# Input data:
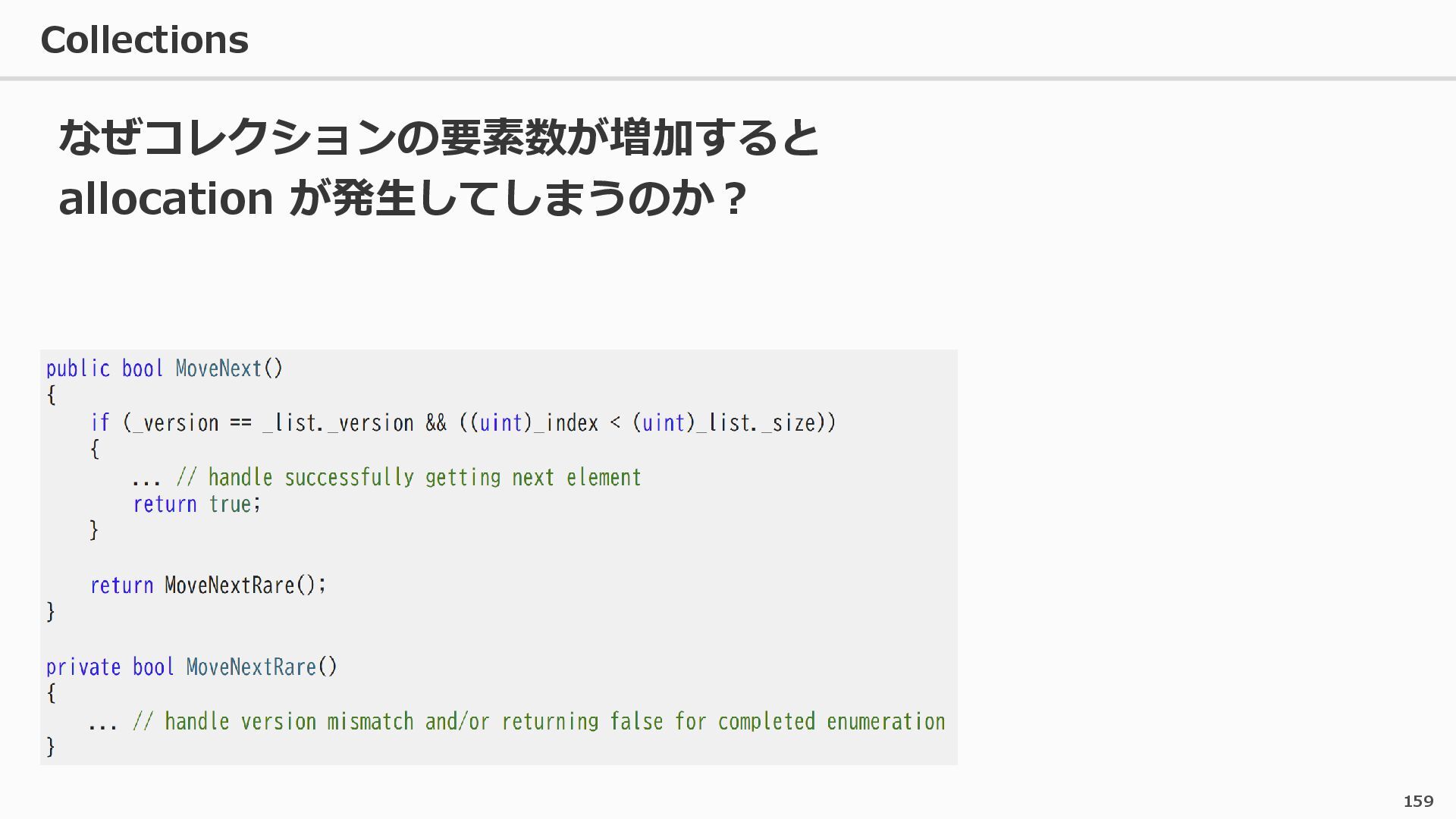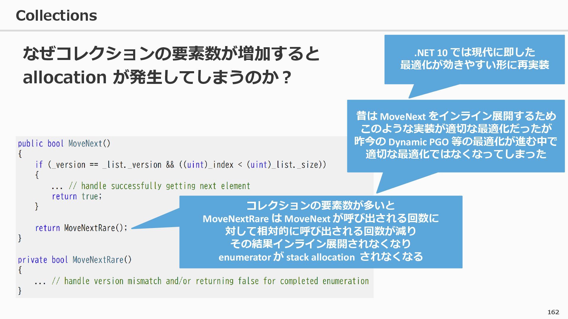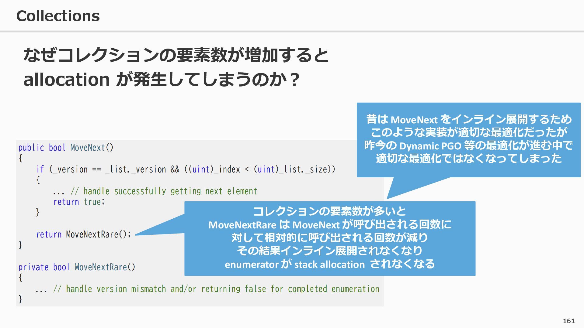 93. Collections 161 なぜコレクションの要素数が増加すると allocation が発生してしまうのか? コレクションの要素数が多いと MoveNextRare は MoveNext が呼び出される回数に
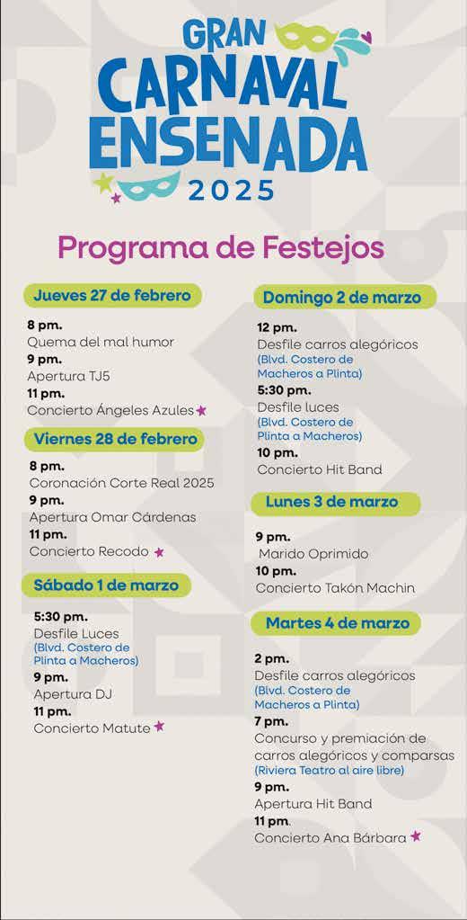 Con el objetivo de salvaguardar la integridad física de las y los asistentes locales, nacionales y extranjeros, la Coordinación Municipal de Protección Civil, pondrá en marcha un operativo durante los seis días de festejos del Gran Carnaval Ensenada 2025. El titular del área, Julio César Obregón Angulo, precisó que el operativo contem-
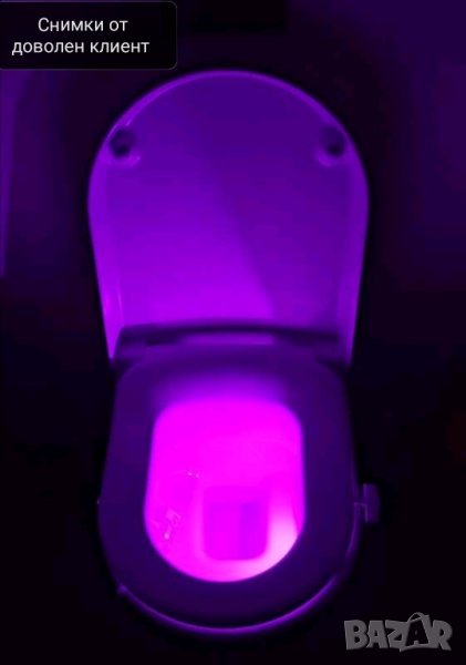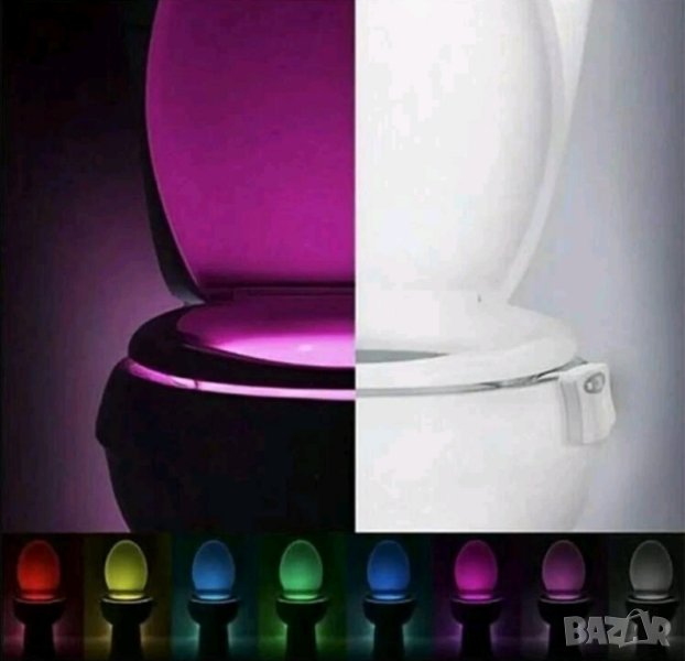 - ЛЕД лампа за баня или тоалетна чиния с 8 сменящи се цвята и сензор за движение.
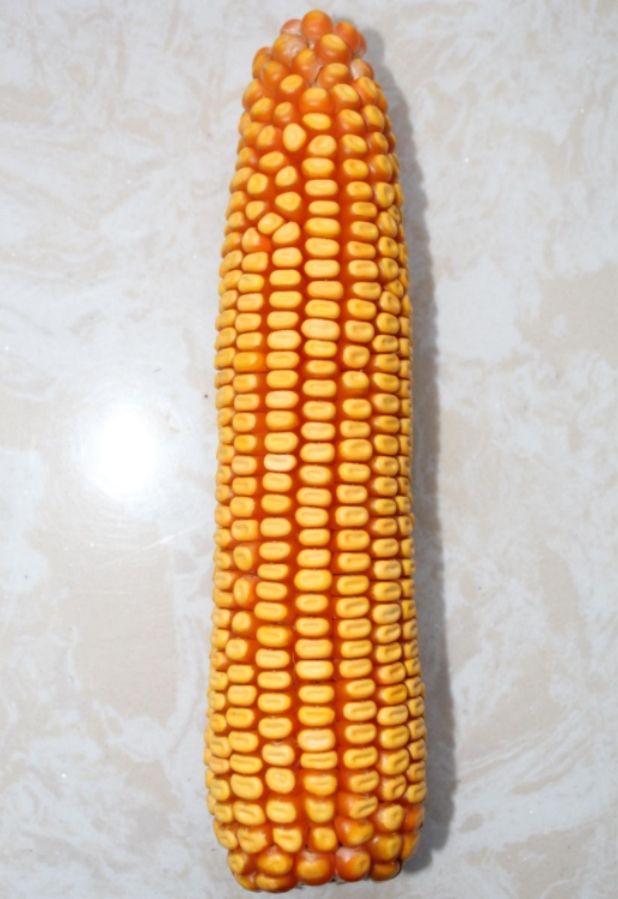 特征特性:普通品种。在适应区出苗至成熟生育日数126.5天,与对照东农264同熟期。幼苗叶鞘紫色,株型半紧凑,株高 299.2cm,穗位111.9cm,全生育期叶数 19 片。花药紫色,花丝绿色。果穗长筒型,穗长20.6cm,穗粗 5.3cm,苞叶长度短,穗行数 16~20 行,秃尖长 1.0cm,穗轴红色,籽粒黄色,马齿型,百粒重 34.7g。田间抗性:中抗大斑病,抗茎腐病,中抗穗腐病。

==

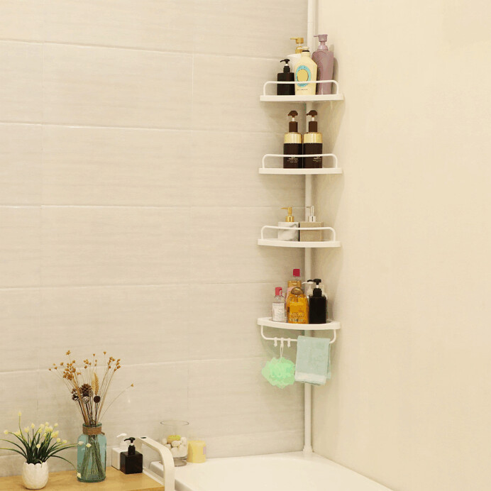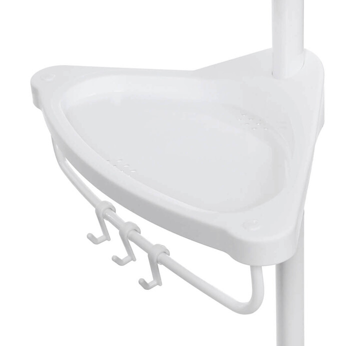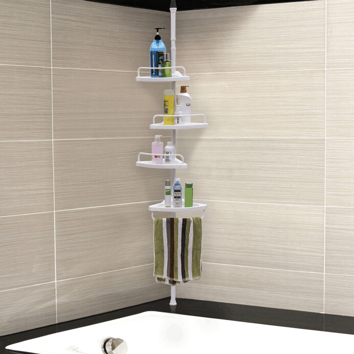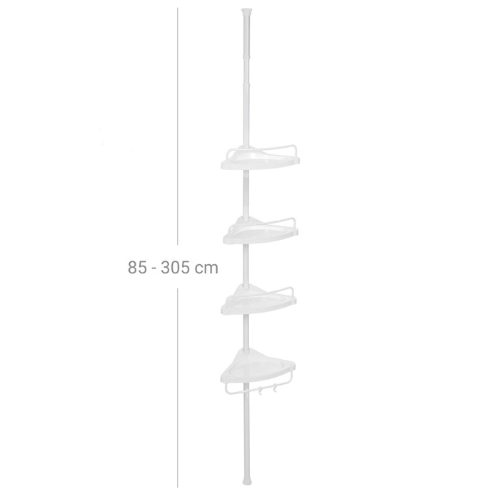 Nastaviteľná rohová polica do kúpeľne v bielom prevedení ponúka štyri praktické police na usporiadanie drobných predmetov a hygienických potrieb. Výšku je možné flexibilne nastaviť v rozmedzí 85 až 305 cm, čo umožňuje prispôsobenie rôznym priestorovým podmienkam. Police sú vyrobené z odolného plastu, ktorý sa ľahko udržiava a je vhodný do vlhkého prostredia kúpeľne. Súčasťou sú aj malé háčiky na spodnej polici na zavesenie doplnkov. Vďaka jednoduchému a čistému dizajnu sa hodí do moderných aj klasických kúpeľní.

# Work to complete:
Word for word, repeat the lines above from the one with "Con el objetivo" through the one with "行,秃尖长 1.0cm,穗轴红色,籽粒黄色,马齿型,百粒重 34.7g。田间抗性:中抗大斑病,抗茎腐病,中抗穗腐病。", and nothing beyond them. Omit the pictures.

# Completed exercise:
 Con el objetivo de salvaguardar la integridad física de las y los asistentes locales, nacionales y extranjeros, la Coordinación Municipal de Protección Civil, pondrá en marcha un operativo durante los seis días de festejos del Gran Carnaval Ensenada 2025. El titular del área, Julio César Obregón Angulo, precisó que el operativo contem-
 - ЛЕД лампа за баня или тоалетна чиния с 8 сменящи се цвята и сензор за движение.
 特征特性:普通品种。在适应区出苗至成熟生育日数126.5天,与对照东农264同熟期。幼苗叶鞘紫色,株型半紧凑,株高 299.2cm,穗位111.9cm,全生育期叶数 19 片。花药紫色,花丝绿色。果穗长筒型,穗长20.6cm,穗粗 5.3cm,苞叶长度短,穗行数 16~20 行,秃尖长 1.0cm,穗轴红色,籽粒黄色,马齿型,百粒重 34.7g。田间抗性:中抗大斑病,抗茎腐病,中抗穗腐病。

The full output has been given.